**EXERCISE BRIEF:**
Copy out exactly the lines below that run from the one holding "This research explores" to the one holding "承接著前兩夜的討論氣氛,5月", keeping both of those lines and no others.

**EXERCISE INPUTS:**
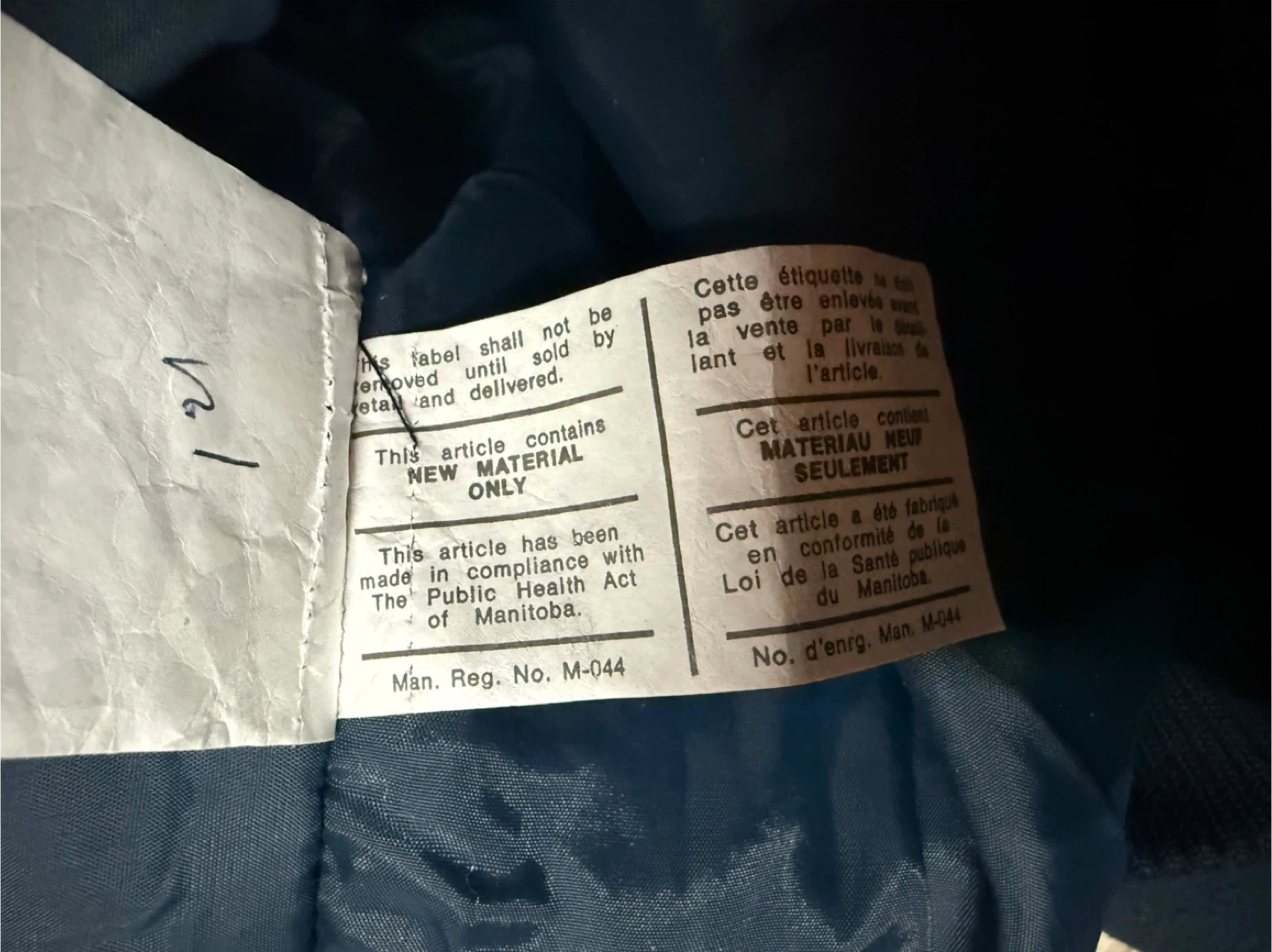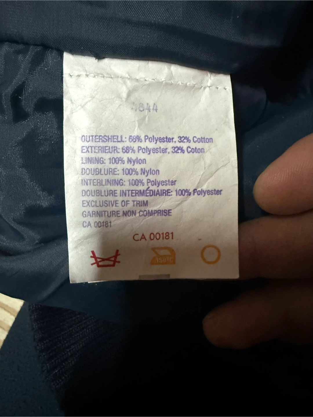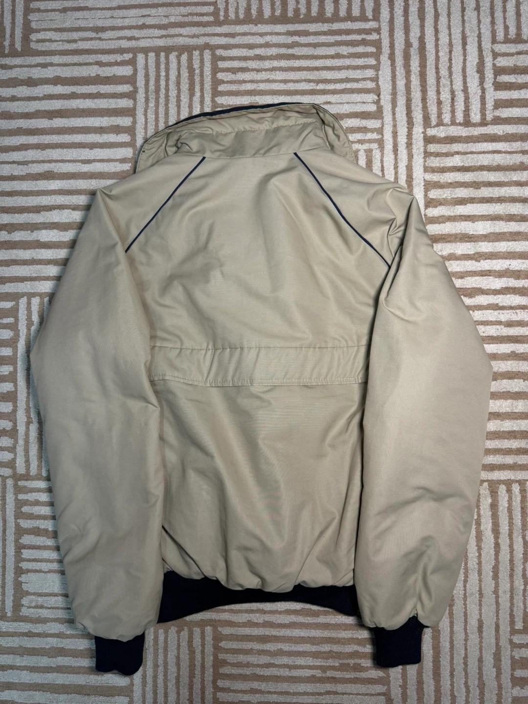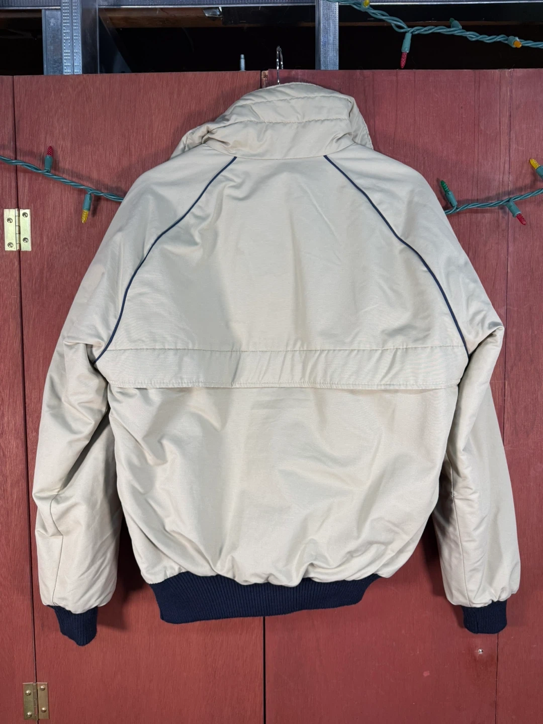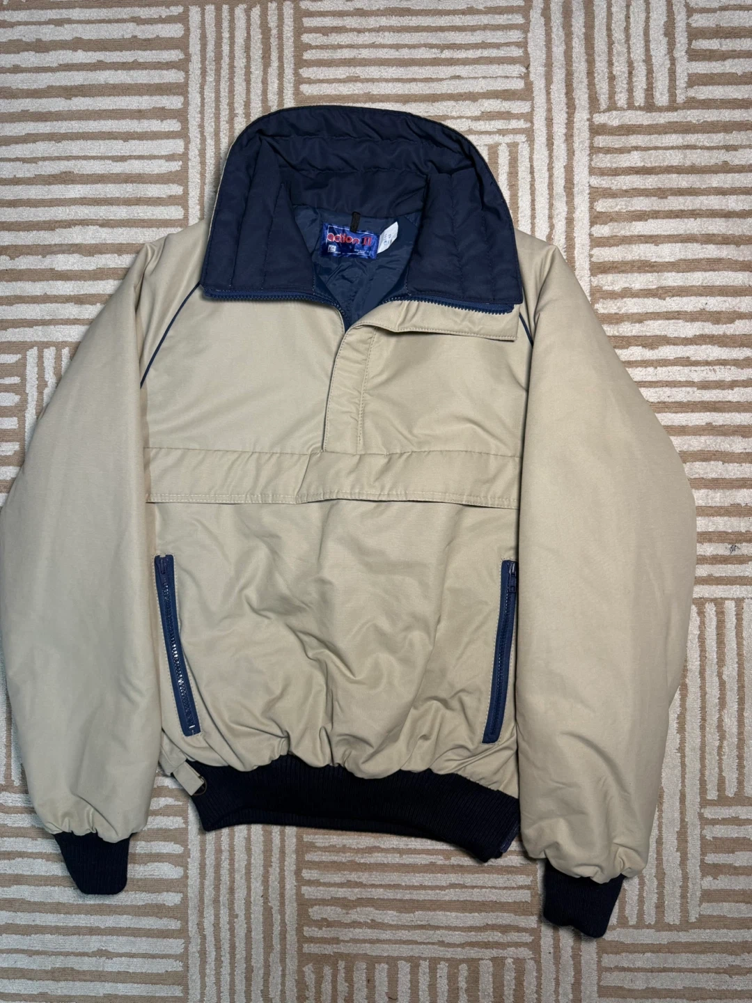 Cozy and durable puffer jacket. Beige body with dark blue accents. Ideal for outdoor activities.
==
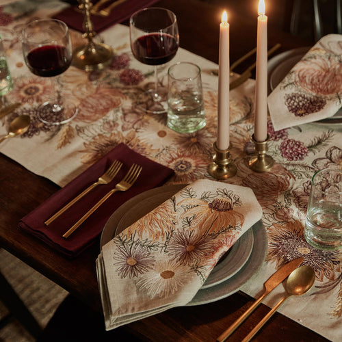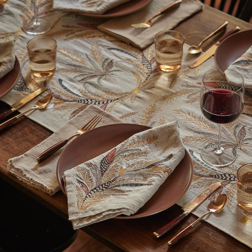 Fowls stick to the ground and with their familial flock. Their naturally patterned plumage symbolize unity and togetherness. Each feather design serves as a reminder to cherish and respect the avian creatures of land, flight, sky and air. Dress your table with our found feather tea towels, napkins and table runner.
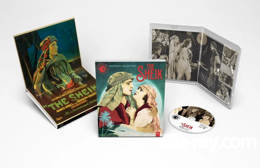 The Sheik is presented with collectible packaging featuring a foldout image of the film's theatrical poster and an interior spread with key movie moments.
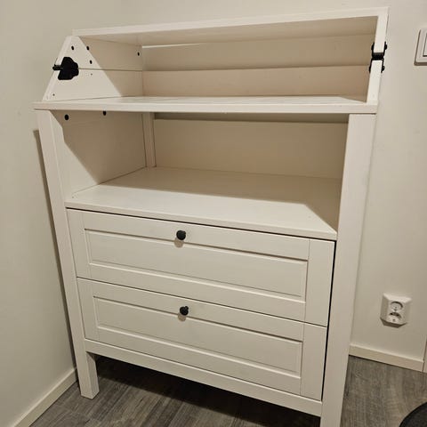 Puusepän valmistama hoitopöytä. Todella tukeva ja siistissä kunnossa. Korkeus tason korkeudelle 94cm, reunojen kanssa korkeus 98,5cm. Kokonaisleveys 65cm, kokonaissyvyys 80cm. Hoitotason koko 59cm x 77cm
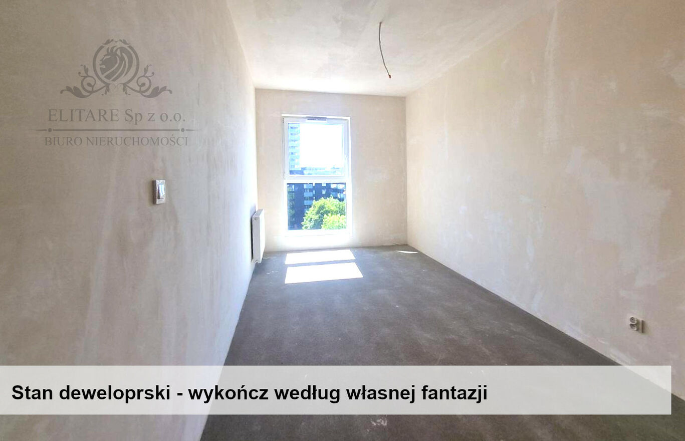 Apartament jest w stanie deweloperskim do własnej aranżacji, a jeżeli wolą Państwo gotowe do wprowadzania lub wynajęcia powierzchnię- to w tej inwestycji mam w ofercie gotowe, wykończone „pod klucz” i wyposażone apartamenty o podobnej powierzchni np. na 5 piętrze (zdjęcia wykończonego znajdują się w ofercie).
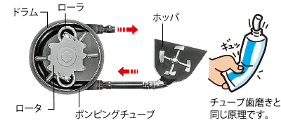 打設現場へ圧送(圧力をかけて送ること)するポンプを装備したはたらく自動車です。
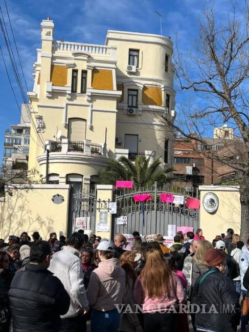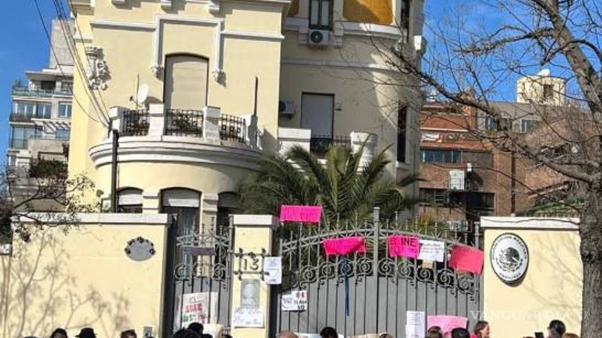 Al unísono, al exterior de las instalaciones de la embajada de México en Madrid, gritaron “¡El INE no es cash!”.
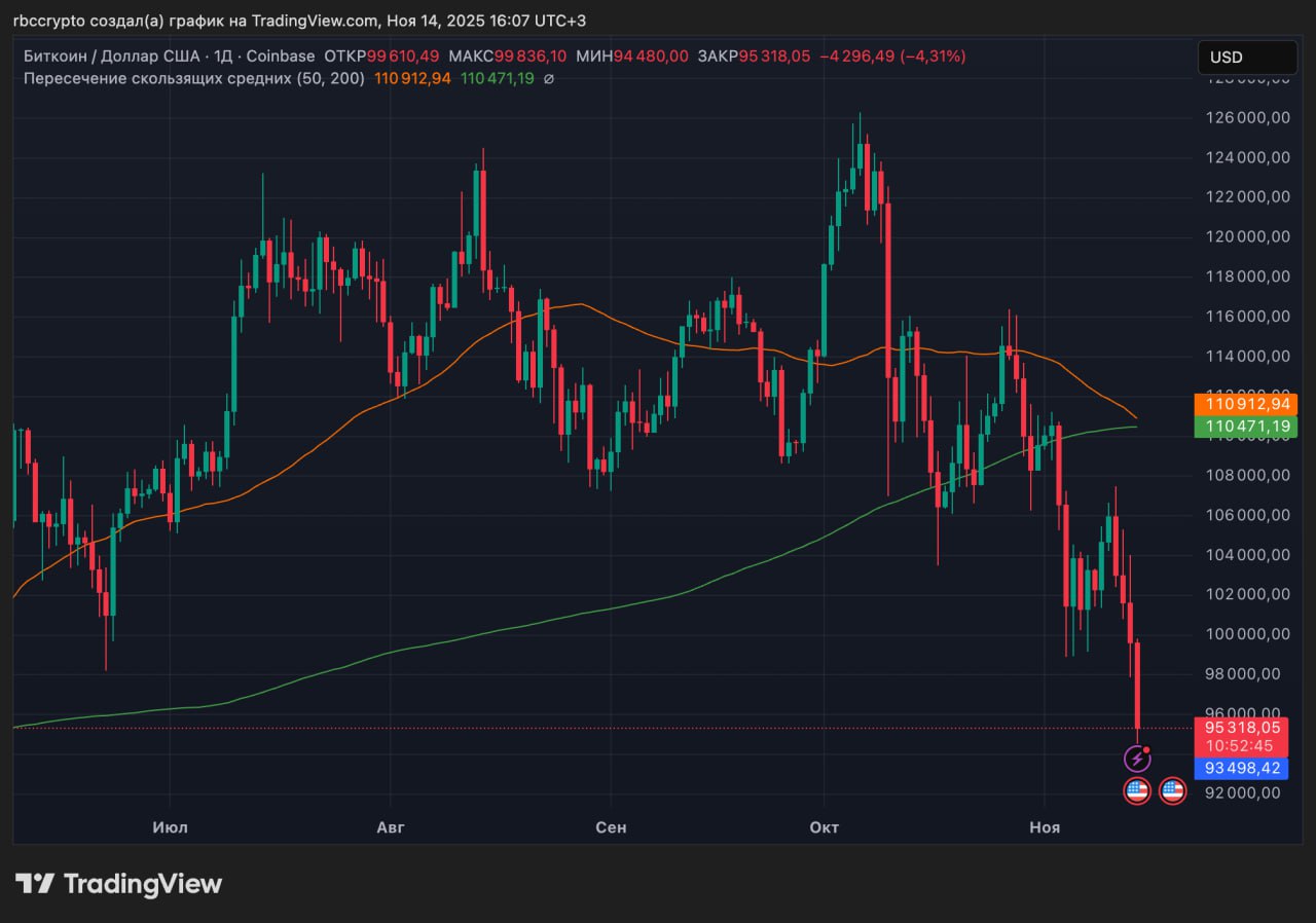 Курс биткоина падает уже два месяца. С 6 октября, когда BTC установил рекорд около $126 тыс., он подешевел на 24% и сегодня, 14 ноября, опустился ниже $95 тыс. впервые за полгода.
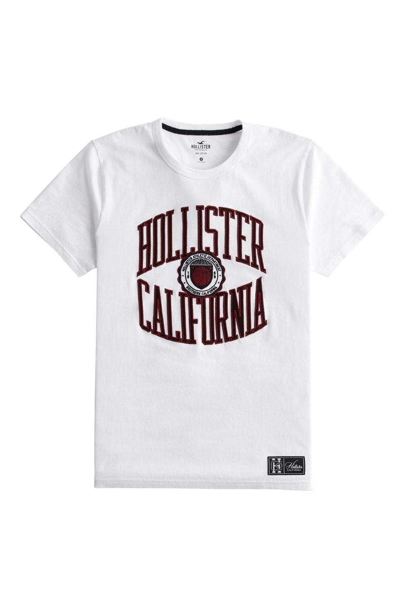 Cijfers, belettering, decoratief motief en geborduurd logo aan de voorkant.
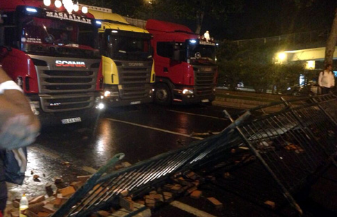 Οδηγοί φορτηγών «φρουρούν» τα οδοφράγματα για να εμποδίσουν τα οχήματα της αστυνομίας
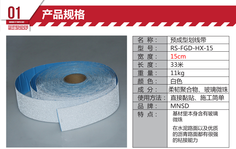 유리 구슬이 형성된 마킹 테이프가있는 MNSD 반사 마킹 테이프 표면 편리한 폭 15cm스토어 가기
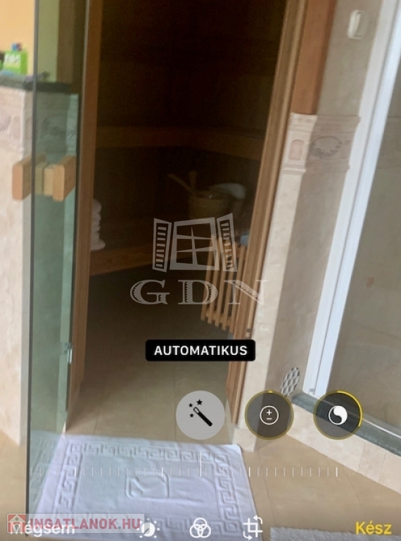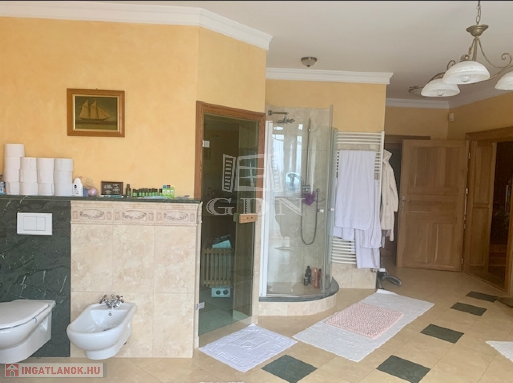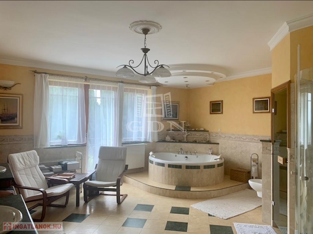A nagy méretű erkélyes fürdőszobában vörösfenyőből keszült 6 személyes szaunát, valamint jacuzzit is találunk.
* * *
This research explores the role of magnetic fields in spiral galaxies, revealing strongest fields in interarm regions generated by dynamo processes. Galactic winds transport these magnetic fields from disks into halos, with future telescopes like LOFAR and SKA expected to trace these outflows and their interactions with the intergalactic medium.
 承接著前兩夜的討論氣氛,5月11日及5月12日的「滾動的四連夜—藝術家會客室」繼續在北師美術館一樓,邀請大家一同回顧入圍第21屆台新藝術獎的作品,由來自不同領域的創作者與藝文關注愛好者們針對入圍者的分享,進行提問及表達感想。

**RESULT OF THE TASK:**
This research explores the role of magnetic fields in spiral galaxies, revealing strongest fields in interarm regions generated by dynamo processes. Galactic winds transport these magnetic fields from disks into halos, with future telescopes like LOFAR and SKA expected to trace these outflows and their interactions with the intergalactic medium.
 承接著前兩夜的討論氣氛,5月11日及5月12日的「滾動的四連夜—藝術家會客室」繼續在北師美術館一樓,邀請大家一同回顧入圍第21屆台新藝術獎的作品,由來自不同領域的創作者與藝文關注愛好者們針對入圍者的分享,進行提問及表達感想。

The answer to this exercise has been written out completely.